4. Decision-Making Data Attack • Integer Overflow exploit on multiple SSH servers allows attacker to log on as root. • Client responds to root password request with packet formulated to trigger overflow in the detect_attack() function :) • Overflow corrupts value of the boolean flag: authenticated to non-zero value. Done.
Defensive Techniques that Don’t Work • StackSheild won’t work, no address change. • IDS System Call Tracing? Won’t work, unchanged. • Non-Executable-Memory protections? Irrelevant. No injected code. • Memory/Type Safety Enforcement Can prevent some NCD attacks but with very high overhead and migration costs, currently unsuitable for high-traffic network applications.
Defensive Techniques & Mitigations • StackGuard and FormatGuard are still effective against both attacks using those initial exploits. • Minimize lifetime of critical data structures or reinitialize w/safe values (e.g. authenticated). • Encrypt sensitive configuration data.

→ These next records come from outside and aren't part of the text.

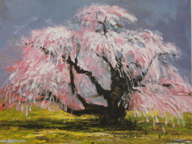 - 岩田康彦、【三春の滝桜】、希少な額装用画集より、美品、新品額装付、インテリア、春、桜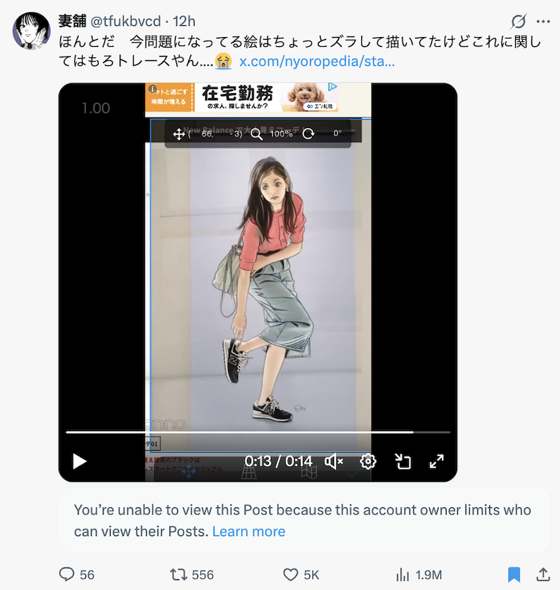 2022年、多くの作品が「写真からの無断利用・トレースではないか」と指摘され炎上。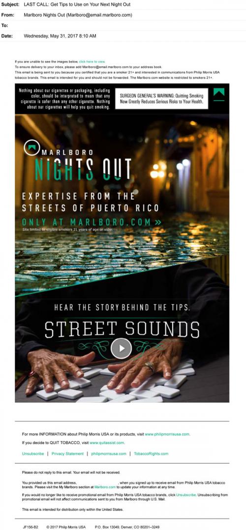 Marlboro Menthol email from May 2017inviting the recipient to check out some Nights Out features on the brand website: nightlife tips for Puerto Rico, and the Street Sounds feature.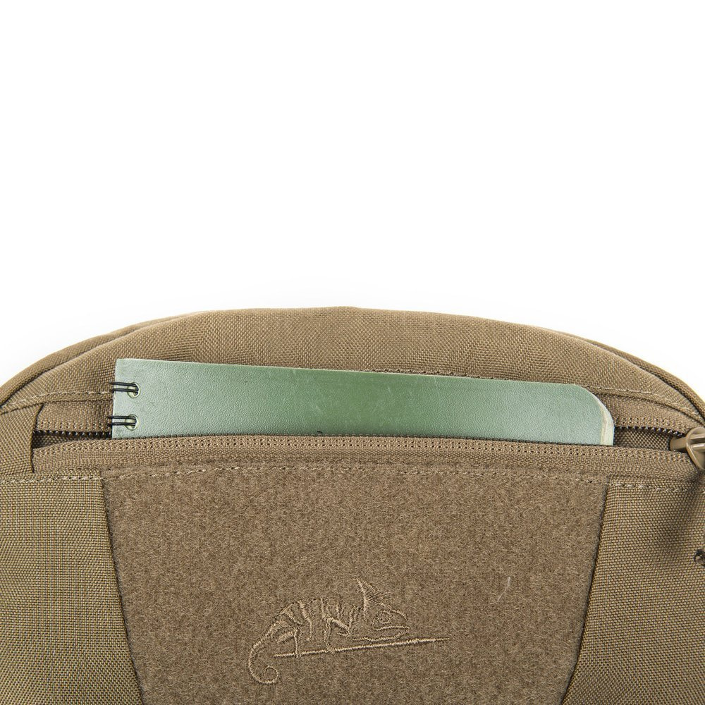 Zwei Außentaschen mit Reißverschluss (eine davon ist eine Stealth-Tasche, die sich auf der Innenseite des Rucksacks befindet) ermöglichen eine gleichmäßige Verteilung der Ladung. Der Zwei-Wege-Reißverschluss ermöglicht einen einfachen Zugang zum Hauptfach von beiden Seiten. Der verstellbare Hüftgurt kann als Brustgurt verwendet werden, wenn der Träger ihn unter einer Jacke verstecken möchte. Der Hüftgurt kann bei Bedarf auch ganz abgenommen werden. Mehrere elastische Bänder ermöglichen eine schnelle Integration des Rucksacks in jedes MOLLE/PALS-System. Das Klettverschluss-Panel auf der Außentasche kann für eine einfache Personalisierung verwendet werden.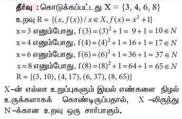 2. X = {3, 4, 6, 8} என்க. R = {(x, f (x)) | x ∈ X, f (x) = x2 + 1} என்ற உறவானது X-லிருந்து N-க்கு ஒரு சார்பாகுமா?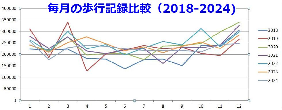 歩行記録の比較・対比2018年から毎月の歩数の対比を行ったもの、月によって日数のバラツキがあるがm極端に低いのは体調不良か天候不良の 証だろう。年末になると頑張るのは何故? |

Other Potential Defenses/Research • PointGuard (pointer encryption compiler technique). Still needs work. • Address-Space randomization. • Helpful but will not stop determined attack. • Taintcheck - partially effective. • Brutal overhead cost (5-37x), false-positives • Extend IDS to include data-flow analysis (in addition to control-flow). • Heuristic analysis of function parameter signatures.
Conclusions • IDS based on just Control Flow integrity insufficient. • Current defensive techniques are not comprehensive, and only provide partial coverage of NCD exploits. • No generic memory protection available at a reasonable (runtime) cost. • Safer running closed-source apps??